Q6. You have worked in TV serials, Commercials, Hollywood movies and Bollywood movies. Tell us some memorable incidents from those.

I remember the vibe on the sets of ‘3 Idiots’. There was an energy, a common purpose, a simultaneous ease and focus that was particularly motivating. Everyone was there to make a better film, a better scene, a better line of dialogue. Whether it was shaking the bejeezus out of Sharman Joshi (who, after each take, would grin and say, “Shake me harder!”) or shouting in the face of the very sporting Kareena Kapoor at 4 a.m., everyone had such an exceptionally positive state of mind.

Q7. ‘3 Idiots’ and ‘Gujaarish’ being movies of very different genre, what did it take to prepare to act in such movies?


 I prepared the roles differently. For ‘3 Idiots’s Suhas Tandon, the role of the character in the context of the story, I drew on French theatre’s tradition of physical comedy, comédie de mœurs, to create an exaggerated and slightly buffoonish character.

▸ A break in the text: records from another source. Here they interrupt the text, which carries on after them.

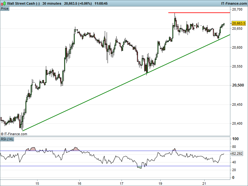 Dow Jones Futures are pointing towards an open at intra-day all-time highs after bouncing from 20620 rising lows support, having fallen back from yesterday’s mornings highs of 20690.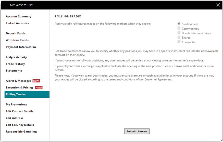 All ‘daily’ indices trades will automatically roll every weekday at their specified roll times. Any ‘daily futures’ indices trades will also automatically roll every weekday at their specified roll time up until the final trading day of the existing contract. You can specify whether you would like to roll any indices ‘futures’ or ‘daily futures’ trades to roll into the next contract by visiting the ‘Rolling Trades’ page within ‘My Account’ once you have logged in.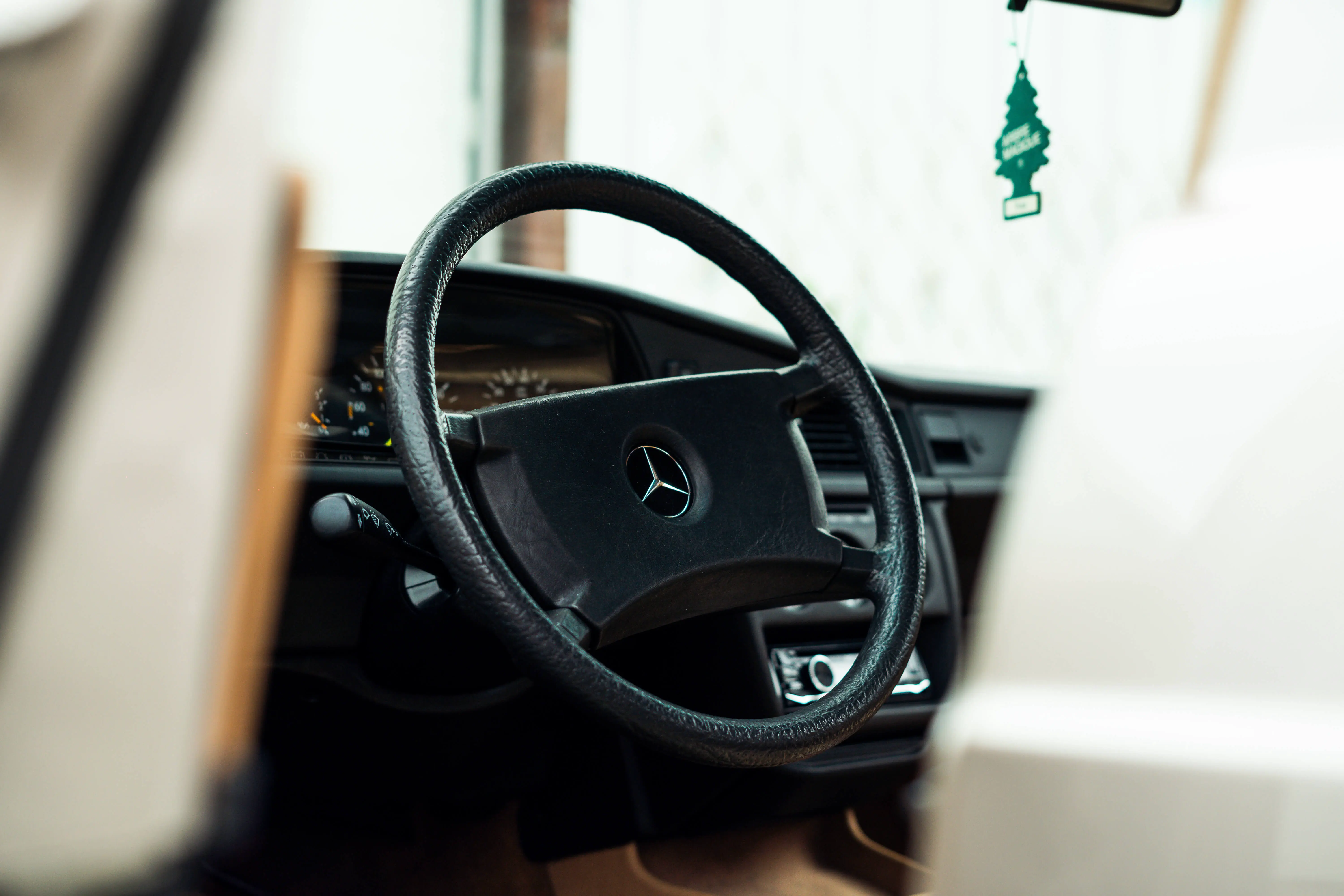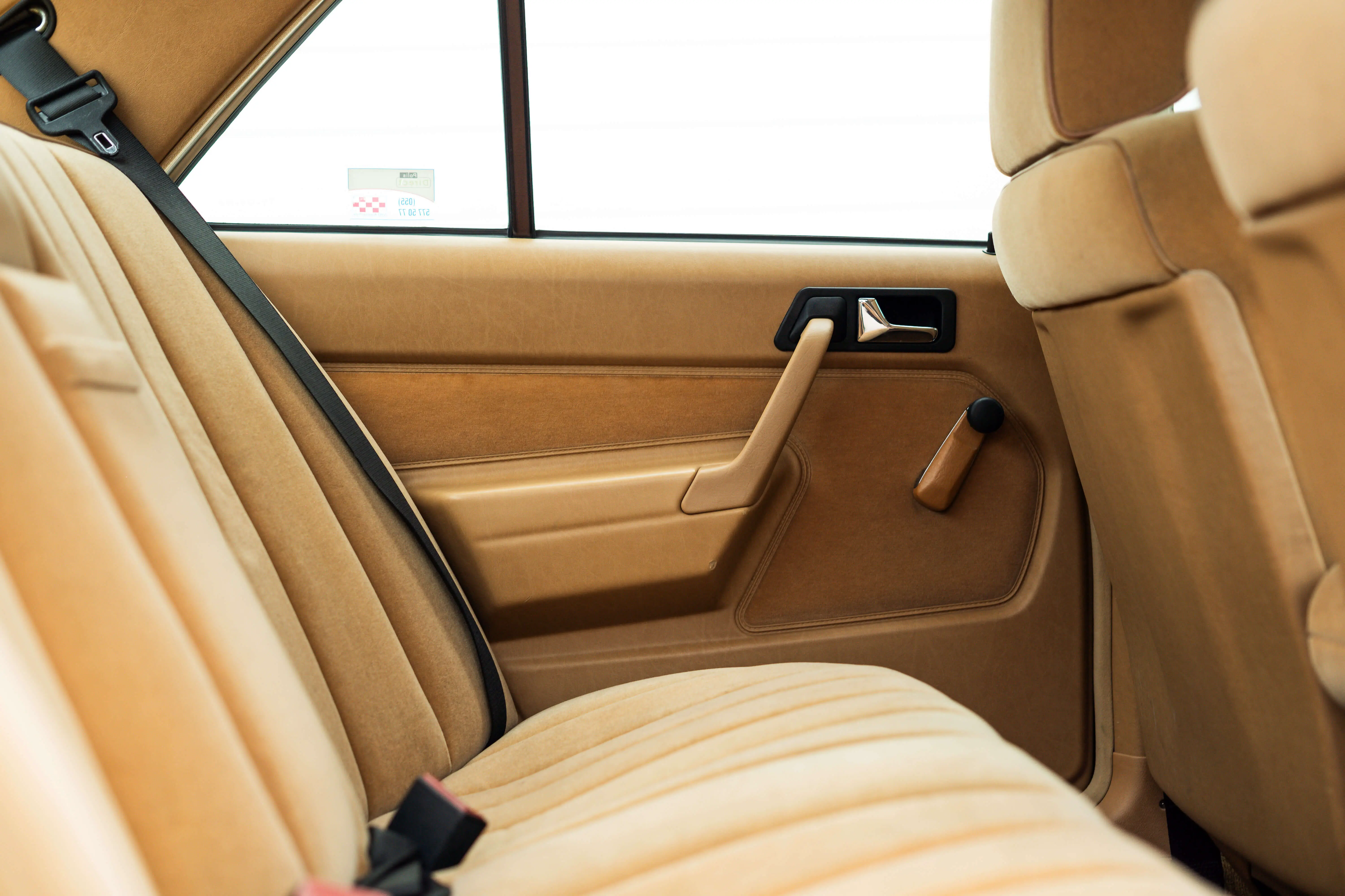 Het interieur is waar het feest echt begint, het beige Pullman interieur is nog erg fraai. Vrijwel geen schades te bekennen en het stuur ligt nog heel fris in de hand. Al met al een mooie plek om Europa in te verkennen. Want de lange baan, daar zijn ze voor gemaakt. Vrijheid is een volgetankte Mercedes.

 ‘Guzaarish’ is a serious drama, and Father Samuel had to present the voice of structured religion against the main character Ethan. At the same time Father Samuel is the local priest, so it was about striking a balance between being a likeable person and asserting the authority he represents. I generally treated it more realistically and humanly, with just a hint of the bumble you find in Italian films when they depict small-town priests.

 Q8. Who has been the inspiration behind your upcoming novel ‘Warrior’?

 There’s no particular person who inspired ‘Warrior’. My hero Saam, you could say, is inspired by all the heroes in all the stories I’ve imbibed during the course of my life. You may find traces of Arjun in him, of Hamlet, of Aragorn son of Arathorn, of Conan the Cimmerian.

 Q9. You are an inspiration for many of the readers. What would you advise the young MBAs and entrepreneurs in the making?

          That’s really kind of you to say. The only advice I could possibly give is the advice I try to follow in my own life: to follow what interests me, and to know why I’m doing what I’m doing. I find it applies to every aspect of my life, and it has only helped me going forward.